## WHAT IS REQUIRED
Here the job is to repeat the listing exactly, but not the pictures in it.

━━━━━ PROVIDED DATA

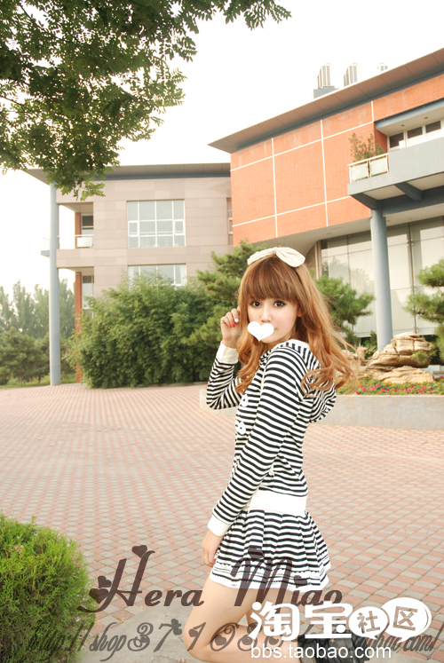 可爱的套装~个人很喜欢下面搭配的蛋糕裙~蓬蓬的皱褶会显得腿很细^^
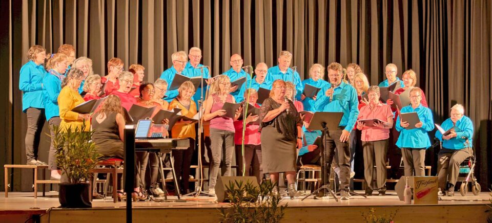 Der gemischte „Chor für Alle“ zeigte Vielseitigkeit: Mit „Ich kann nur den Refrain“ (Wise Guys), „Major Tom“ (Peter Schilling) und „Freiheit“ (Marius Müller-Westernhagen) setzten sie moderne Akzente.
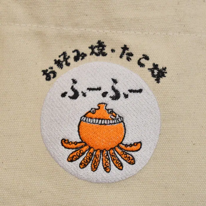 いただいたロゴがもう、かわいすぎて萌えました^^。このロゴの細かい蛸の吸盤の線まで、刺繍で綺麗にかわいくしあげることができました。
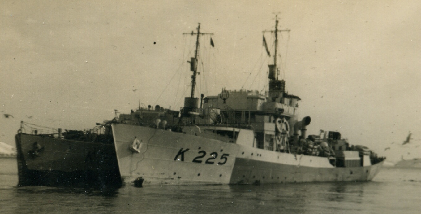 (KIT011) HMCS KITCHENER K225 // Courtesy of Bill Gard. Original source unknown (KIT012) HMCS KITCHENER K225 approaching HMCS MATAPEDIA K112 at sea // The Frisken photo collection
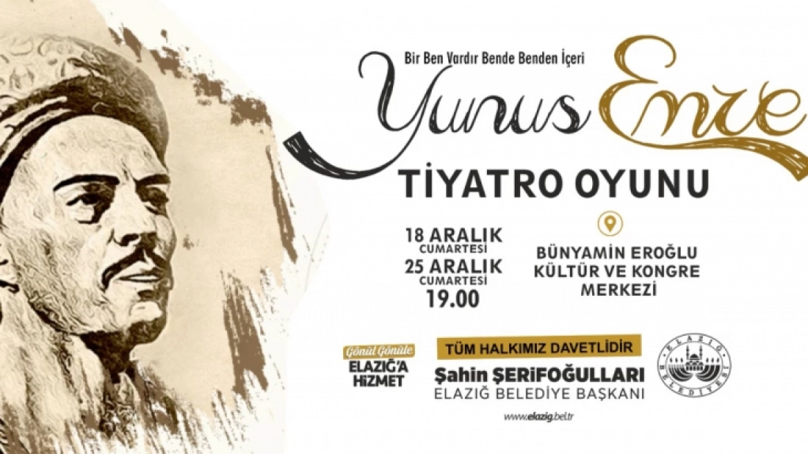 Elazığ Belediyesi Basın-Yayın ve Halkla İlişkiler Müdürlüğü’nden yapılan açıklamada, “Türk dilinin ve kültürünün en önemli şahsiyetlerinden olan Yunus Emre'nin vefatının 700. yıl dönümü olması münasebetiyle “Yunus Emre” adlı oyun 18 Aralık Cumartesi ve 25 Aralık Cumartesi günlerinde saat 19.00’da Bünyamin Eroğlu Kültür ve Kongre Merkezi'nde sahnelenecek. Ücretsiz olarak izleyici ile buluşacak tiyatro gösterimine tüm hemşehrilerimiz davetlidir.” denildi.
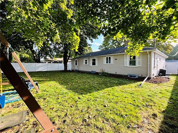Immaculate and impeccably maintained one-level living home that exudes pride of ownership throughout. Move-in ready, 3 bedroom ranch nestled in a quiet and quaint Riverside neighborhood with close access to highways- be in downtown Providence in less than 10 minutes. Updated eat-in-kitchen with ample cabinetry and pantry, dedicated dining room which opens to a large family room with corner brick fireplace. Updated full bathroom with double-sink vanity and tub/shower. Option for first floor laundry to deliver a full one-floor living experience. Gleaming hardwoods, bright bay window and replacement windows create an abundance of natural light. Full size basement with 2 finished rooms that could serve as bedrooms, office space, gym or bonus family room in addition to expansive storage and workshop space. Updated electrical, natural gas heating system (5 yrs) and hot water tank. Low maintenance exterior with young roof and vinyl siding. Newly installed tall vinyl fencing provides backyard privacy and secured playspace for children and pets. Shed for storing landscaping gear. One car attached garage with hybrid car charging station. Absolutely nothing to do but move in and make it your own!
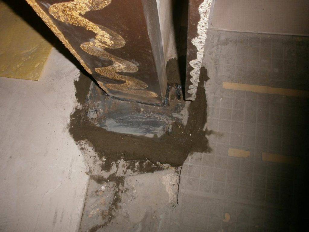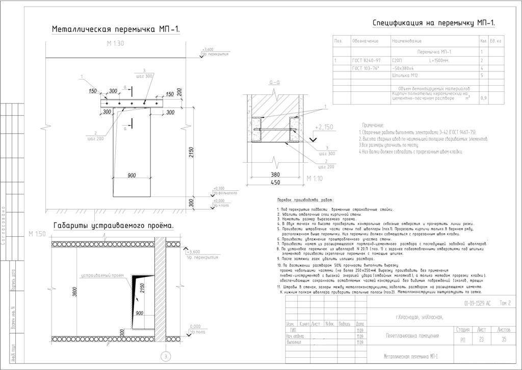 Важно, чтобы усиление кирпичных проемов производилось в виде П-образной рамы из уголка и швеллера и включало в себе перемычку (баку) и две стойки с опиранием на стальной лист, обеспечивающий равномерное распределение нагрузки
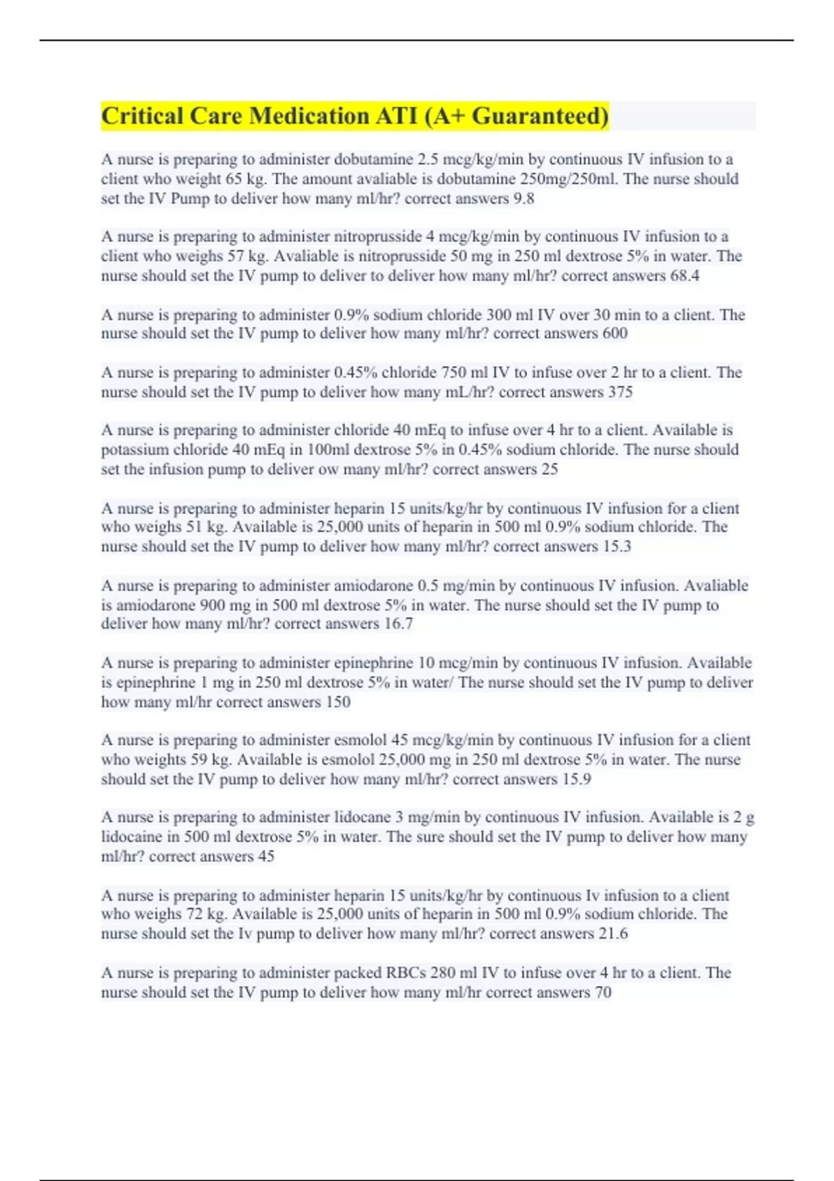 A nurse is preparing to administer nitroprusside 4 mcg/kg/min by continuous IV infusion to a client who weighs 57 kg. Avaliable is nitroprusside 50 mg in 250 ml dextrose 5% in water. The nurse should set the IV pump to deliver to deliver how many ml/hr? correct answers 68.4

━━━━━━━━━━

## EXPECTED OUTPUT
 可爱的套装~个人很喜欢下面搭配的蛋糕裙~蓬蓬的皱褶会显得腿很细^^
 Der gemischte „Chor für Alle“ zeigte Vielseitigkeit: Mit „Ich kann nur den Refrain“ (Wise Guys), „Major Tom“ (Peter Schilling) und „Freiheit“ (Marius Müller-Westernhagen) setzten sie moderne Akzente.
 いただいたロゴがもう、かわいすぎて萌えました^^。このロゴの細かい蛸の吸盤の線まで、刺繍で綺麗にかわいくしあげることができました。
 (KIT011) HMCS KITCHENER K225 // Courtesy of Bill Gard. Original source unknown (KIT012) HMCS KITCHENER K225 approaching HMCS MATAPEDIA K112 at sea // The Frisken photo collection
 Elazığ Belediyesi Basın-Yayın ve Halkla İlişkiler Müdürlüğü’nden yapılan açıklamada, “Türk dilinin ve kültürünün en önemli şahsiyetlerinden olan Yunus Emre'nin vefatının 700. yıl dönümü olması münasebetiyle “Yunus Emre” adlı oyun 18 Aralık Cumartesi ve 25 Aralık Cumartesi günlerinde saat 19.00’da Bünyamin Eroğlu Kültür ve Kongre Merkezi'nde sahnelenecek. Ücretsiz olarak izleyici ile buluşacak tiyatro gösterimine tüm hemşehrilerimiz davetlidir.” denildi.
Immaculate and impeccably maintained one-level living home that exudes pride of ownership throughout. Move-in ready, 3 bedroom ranch nestled in a quiet and quaint Riverside neighborhood with close access to highways- be in downtown Providence in less than 10 minutes. Updated eat-in-kitchen with ample cabinetry and pantry, dedicated dining room which opens to a large family room with corner brick fireplace. Updated full bathroom with double-sink vanity and tub/shower. Option for first floor laundry to deliver a full one-floor living experience. Gleaming hardwoods, bright bay window and replacement windows create an abundance of natural light. Full size basement with 2 finished rooms that could serve as bedrooms, office space, gym or bonus family room in addition to expansive storage and workshop space. Updated electrical, natural gas heating system (5 yrs) and hot water tank. Low maintenance exterior with young roof and vinyl siding. Newly installed tall vinyl fencing provides backyard privacy and secured playspace for children and pets. Shed for storing landscaping gear. One car attached garage with hybrid car charging station. Absolutely nothing to do but move in and make it your own!
 Важно, чтобы усиление кирпичных проемов производилось в виде П-образной рамы из уголка и швеллера и включало в себе перемычку (баку) и две стойки с опиранием на стальной лист, обеспечивающий равномерное распределение нагрузки
 A nurse is preparing to administer nitroprusside 4 mcg/kg/min by continuous IV infusion to a client who weighs 57 kg. Avaliable is nitroprusside 50 mg in 250 ml dextrose 5% in water. The nurse should set the IV pump to deliver to deliver how many ml/hr? correct answers 68.4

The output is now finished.